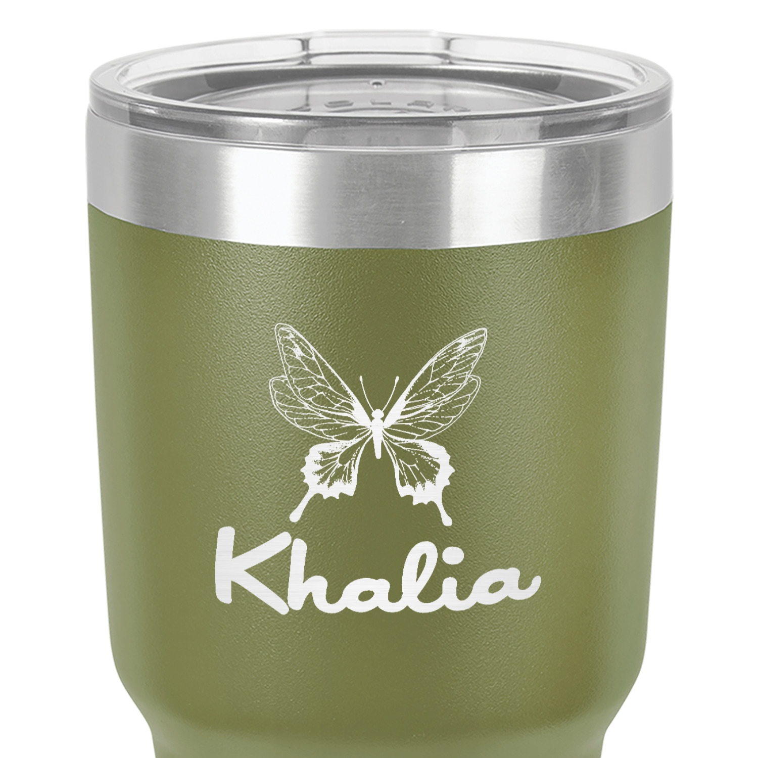 With our personalized 30 oz double wall stainless steel tumblers, you'll never have to settle for a plain, boring tumbler again! These tumblers will be a wonderful addition to your drinkware collection and will make those long commutes much brighter. Personalize one for yourself, or give these personalized tumblers as a gift to relatives, friends, or coworkers!
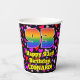 This fun and colourful birthday paper cup design features a large number “93” having a rainbow spectrum gradient inspired pattern. It also features the message “Happy 93rd Birthday,”, and an editable name. The background features a pattern of heart shapes with colours like red, purple, and pink. Loving, upbeat paper cups like this might be fun to have at a birthday celebration/party being held to honour somebody’s 93rd birthday. [~Z0000548]
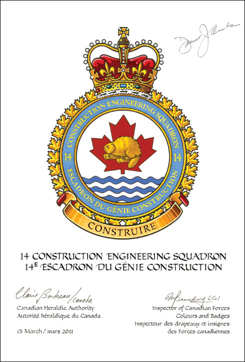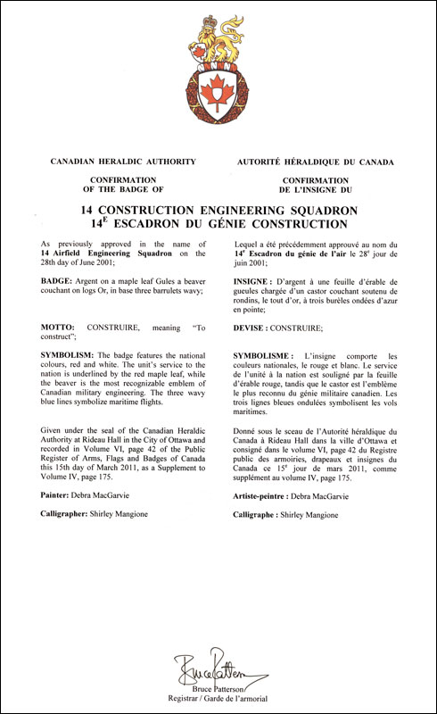 Additional InformationCreator(s)Not available PainterDebra MacGarvie CalligrapherShirley Mangione Recipient TypeMilitary Institution Other InformationThe recipient's emblems were originally recorded in the name of 14 Airfield Engineering Squadron in the Public Register of Arms, Flags and Badges of Canada, Volume IV, page 175, 28 June 2001. |
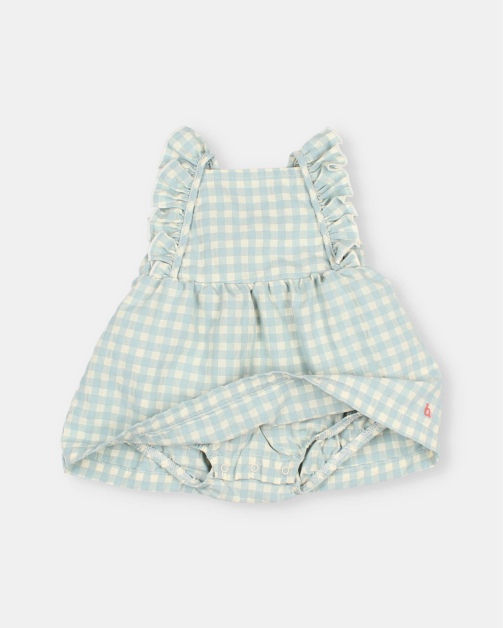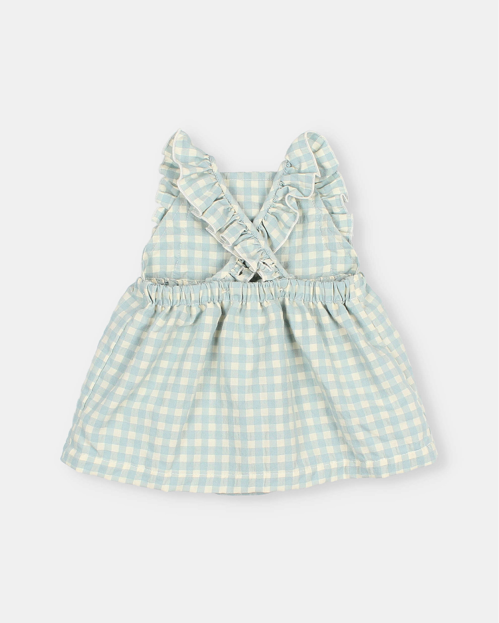 Vestido de cuadro vichy en seersucker de algodón. Escote recto. Tirantes con volante cruzados por la espalda. Detalle bordado a contraste en el bajo. Culotte interior con botones de presión en la entrepierna para una puesta fácil. Goma elástica en la espalda y muslos.

□ □ □ □ □

● WHAT TO WORK ON: What's needed is every line above, retyped exactly and free of pictures.

● ANSWER BOX:
 With our personalized 30 oz double wall stainless steel tumblers, you'll never have to settle for a plain, boring tumbler again! These tumblers will be a wonderful addition to your drinkware collection and will make those long commutes much brighter. Personalize one for yourself, or give these personalized tumblers as a gift to relatives, friends, or coworkers!
 This fun and colourful birthday paper cup design features a large number “93” having a rainbow spectrum gradient inspired pattern. It also features the message “Happy 93rd Birthday,”, and an editable name. The background features a pattern of heart shapes with colours like red, purple, and pink. Loving, upbeat paper cups like this might be fun to have at a birthday celebration/party being held to honour somebody’s 93rd birthday. [~Z0000548]
 Additional InformationCreator(s)Not available PainterDebra MacGarvie CalligrapherShirley Mangione Recipient TypeMilitary Institution Other InformationThe recipient's emblems were originally recorded in the name of 14 Airfield Engineering Squadron in the Public Register of Arms, Flags and Badges of Canada, Volume IV, page 175, 28 June 2001. |
 Vestido de cuadro vichy en seersucker de algodón. Escote recto. Tirantes con volante cruzados por la espalda. Detalle bordado a contraste en el bajo. Culotte interior con botones de presión en la entrepierna para una puesta fácil. Goma elástica en la espalda y muslos.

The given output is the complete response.